The benchmark test should be started immediately after the cluster is fully installed and configured. During the benchmark test, no other tasks should be run in the cluster.

Ii. test objectives

1. Hard disk failure: the most common fault of the new system. You can perform centralized testing by running a high-intensity I/O benchmark test program. For example, testdfsio

2. mapreduce Performance

Iii. Test Methods

1. testdfsio benchmark HDFS

The test sequence should be write test first and then read Test

Write test:

Use 10 map tasks to write 10 files, each 500 mb.

Hadoop jar $ hadoop_home/hadoop-test-*. Jar testdfsio-Write-nrfiles 10-filesize 1000

At the end of the operation, the result is written to the console and recorded to the current path testdfsio_results.log.

Data is written to the/benchmarks/testdfsio directory by default.

Read test:

Hadoop jar $ hadoop_home/hadoop-test-*. Jar testdfsio-read-nrfiles 10-filesize 1000

Clear test data:

Hadoop jar $ hadoop_home/hadoop-test-*. Jar testdfsio-clean

2. Use sort to sort and test mapreduce

Hadoop comes with a partial sorting program.
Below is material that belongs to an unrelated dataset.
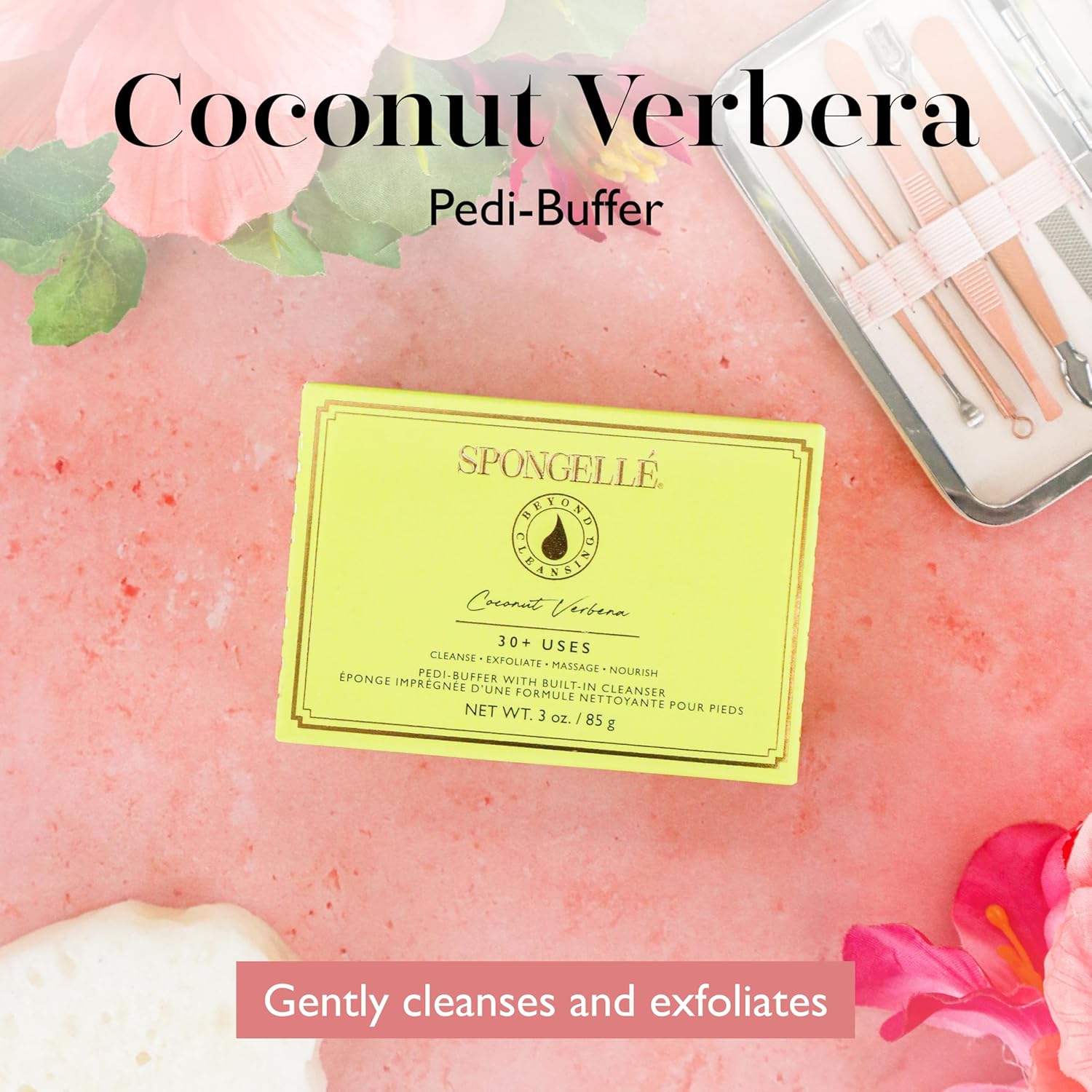 SPONGELLÉ Coconut Verbena Pedi-Buffer with Built-in Cleanser - Exfoliates, Softens & Smooths Feet for a Spa-Like Pedicure Experience, 30+ Uses

This is useful for testing the entire mapreduce system, because the entire input dataset is shuffled and transmitted to Cer. There are three steps in total: generate some random data, execute the sorting, and then verify the result.
First, we use randomwriter to generate random data. It runs a mapreduce job in the form of 10 maps for each node, and each map generates random binary data of approximately 10 Gb, with keys and values of different lengths.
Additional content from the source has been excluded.